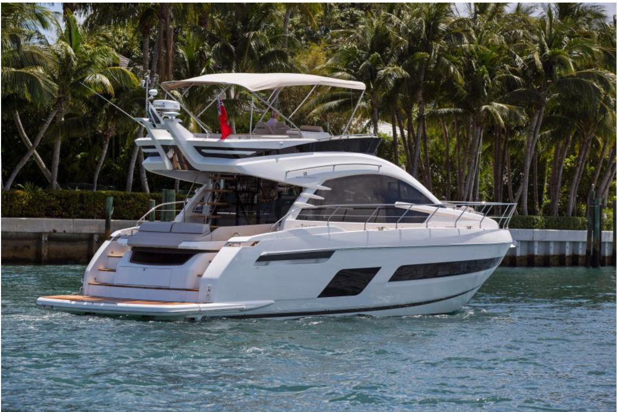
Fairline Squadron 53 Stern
* * *
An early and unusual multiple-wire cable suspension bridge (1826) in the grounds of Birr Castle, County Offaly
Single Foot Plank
--
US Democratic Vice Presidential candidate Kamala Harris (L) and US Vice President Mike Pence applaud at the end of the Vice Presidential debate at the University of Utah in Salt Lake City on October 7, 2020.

● **Task statement**: Using the data above, reproduce exactly the lines between those holding "An early and" and "Single Foot Plank", inclusive, and no others.

● **Solved problem**:
An early and unusual multiple-wire cable suspension bridge (1826) in the grounds of Birr Castle, County Offaly
Single Foot Plank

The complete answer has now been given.